Data entries
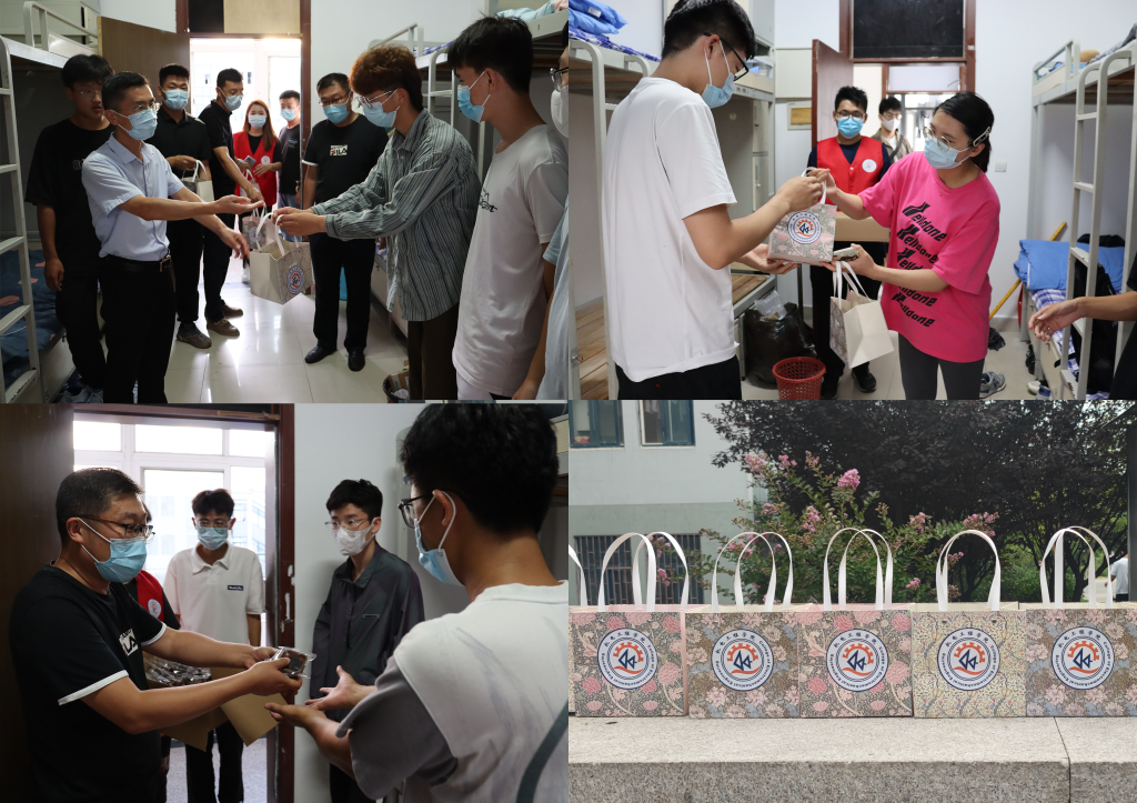 学院党委副书记兼副院长肖强,学工办团委全体辅导员深入宿舍,向新生表达了节日祝福,鼓励同学们要尽快适应新环境,融入学院大家庭,享受大学生活;要提早规划未来的发展方向,刻苦学习,积极参与素质活动尤其是体育活动,努力成为能够担当民族复兴大任的新时代青年;要心怀对父母和家人感恩之心,在节日时通过线上的方式问候父母,遥寄思念。为每一名科大机电新生送去印有青科大校训“明德、笃学、弘毅、拓新”的月饼,让同学们在中秋佳节之际感受到了家的氛围。
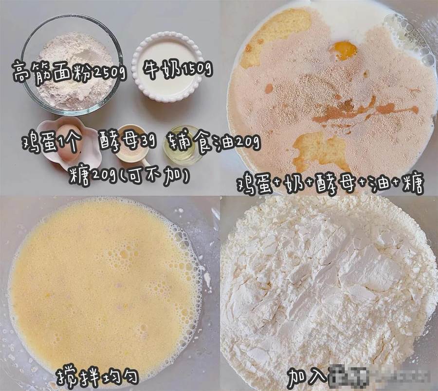高筋面粉250g、牛奶150g、輔食油20g、酵母3g、糖20g(別減太多,影響發酵)、雞蛋1個。
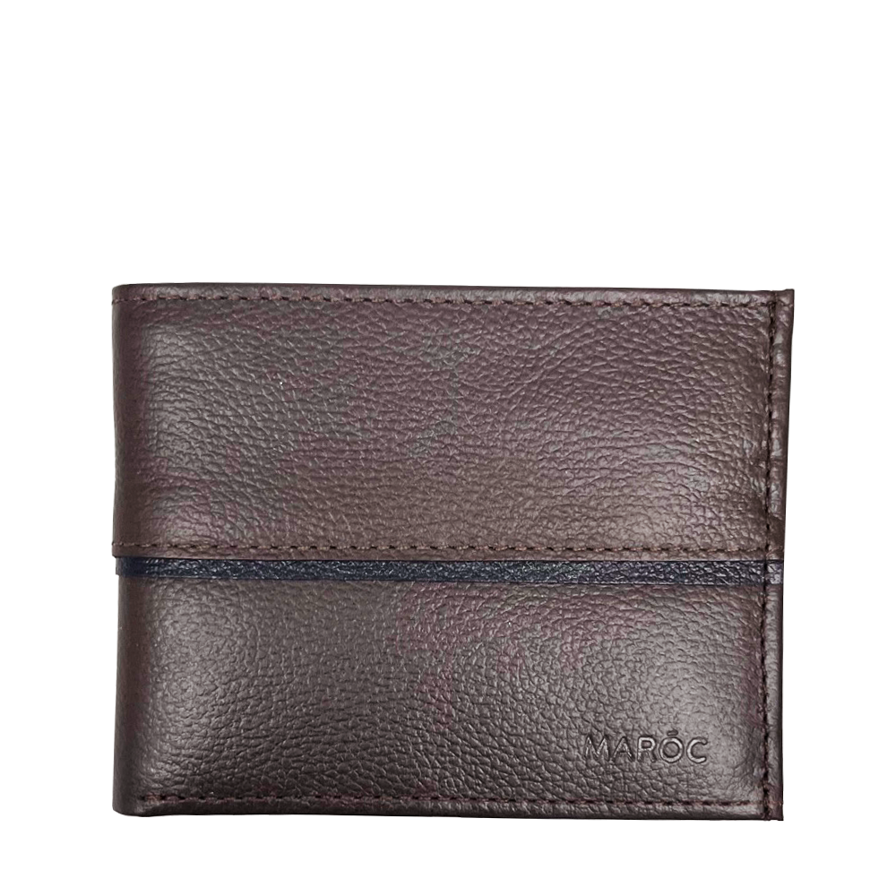 Men's wallet in cowhide leather; 4 bodies; bicolor; 12 card pockets; 2 compartments for document with photo or photo; double compartment for bills and two pockets in the double compartment; 2 multifunction internal compartments; contrasting leather color appliqué detail horizontally on the outside; Maroc Brand
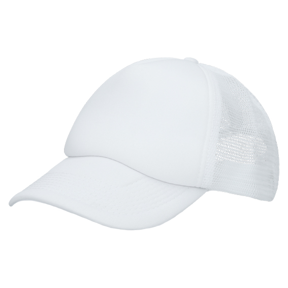 JETS Gorra 100% poliéster con broche de plástico, visera acolchada en la parte superior que cuenta con 1 gajo frontal en color blanco y 4 gajos con malla.
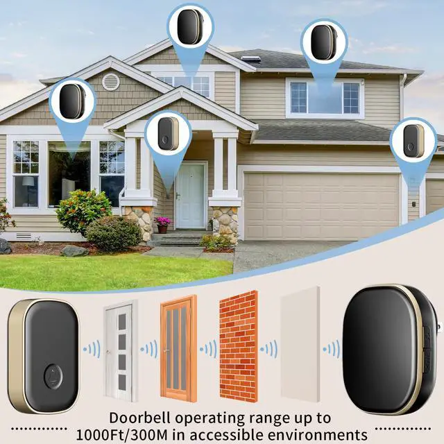 With 1000Ft wireless sensing range and powerful signal penetration, the doorbell will sounds in time to alert you when someone presses the button. Enjoy a reliable door bell system in your home, factory, office, classroom, apartment building, villa and more.

→ **Work request**
In your copy, please omit the pictures and print every line of the records exactly.

→ **Answer for this exercise**
 学院党委副书记兼副院长肖强,学工办团委全体辅导员深入宿舍,向新生表达了节日祝福,鼓励同学们要尽快适应新环境,融入学院大家庭,享受大学生活;要提早规划未来的发展方向,刻苦学习,积极参与素质活动尤其是体育活动,努力成为能够担当民族复兴大任的新时代青年;要心怀对父母和家人感恩之心,在节日时通过线上的方式问候父母,遥寄思念。为每一名科大机电新生送去印有青科大校训“明德、笃学、弘毅、拓新”的月饼,让同学们在中秋佳节之际感受到了家的氛围。
高筋面粉250g、牛奶150g、輔食油20g、酵母3g、糖20g(別減太多,影響發酵)、雞蛋1個。
 Men's wallet in cowhide leather; 4 bodies; bicolor; 12 card pockets; 2 compartments for document with photo or photo; double compartment for bills and two pockets in the double compartment; 2 multifunction internal compartments; contrasting leather color appliqué detail horizontally on the outside; Maroc Brand
 JETS Gorra 100% poliéster con broche de plástico, visera acolchada en la parte superior que cuenta con 1 gajo frontal en color blanco y 4 gajos con malla.
 With 1000Ft wireless sensing range and powerful signal penetration, the doorbell will sounds in time to alert you when someone presses the button. Enjoy a reliable door bell system in your home, factory, office, classroom, apartment building, villa and more.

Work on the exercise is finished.